Батенька, да вы трансформер (сборник)
Шрифт:
Основной мишенью иронии Хэнка были корпорации – и обыкновенный «маленький человек» в них. Да, система устроена неправильно, но зачем же быть такими сволочами друг к другу, ведь мы все от нее терпим. Зачем и кто устроил эту систему – неясно, однако ее существование очевидно, как существование дня и ночи. Система заставляет людей работать много-много, зарабатывать мало-мало, всегда испытывать недостаток чего-то и пытаться этот недостаток восполнить. Худшее, что эта система делает с нами, – она делает нас стандартным, средним человеком. Любить человека легко, если ты плохо его знаешь, – а Буковски знал его, как самого себя. Средний человек опасен в своей средней любви – на большую он не способен. Зато он великолепен
Именно поэтому Хэнк очень ценил свободную душу: она очень редко встречается, но ее легко узнать – просто потому, что рядом с ней истерзанному человеку вдруг наконец хорошо. Несмотря на свои многочисленные драки и склочный характер, старый циник жалел даже муху, попавшую в сеть к пауку, говорил, что сам напоминает себе муху, запутавшуюся в сетях. Несмотря на трезвый взгляд на окружающую действительность, Буковски проповедовал парадоксальную смесь циничной осознанности с трепетным и добрым отношением к человеческому существу: «Лица, которые ты видишь на улице каждый день, не были созданы совсем без надежды – будь добр к ним: как и ты, они не смогли освободиться».
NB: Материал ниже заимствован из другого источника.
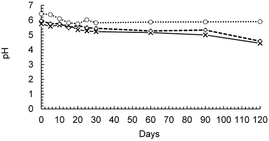 pH monitoring of nanocapsules (-◊-), nanoemulsions (-x-), and PCL particles (-○-).

Гений – это способность выражать трудное просто. Большинство писателей же объясняют простое сложно. Сартр, считавший Буковски величайшим американским поэтом современности, чтобы описать ужас жизни, должен был накропать толстенный том под названием «Бытие и ничто». Буковски же, подобно дзенскому мастеру, удавалось передать экзистенциальное ощущение парой строк. Все дело в том, что для него первичным было именно чувство, а не форма: поэзия оказывалась синонимом души. Поэтическое творчество – не хобби и не работа: оно рвется из нутра как ракета, но только если пришло время и ты был избран. Поэзия, как Синяя птица, появляется в сердце сама по себе и делает свое дело, пока ты не умираешь и она не умирает вместе с тобой. Другого пути нет и никогда не было.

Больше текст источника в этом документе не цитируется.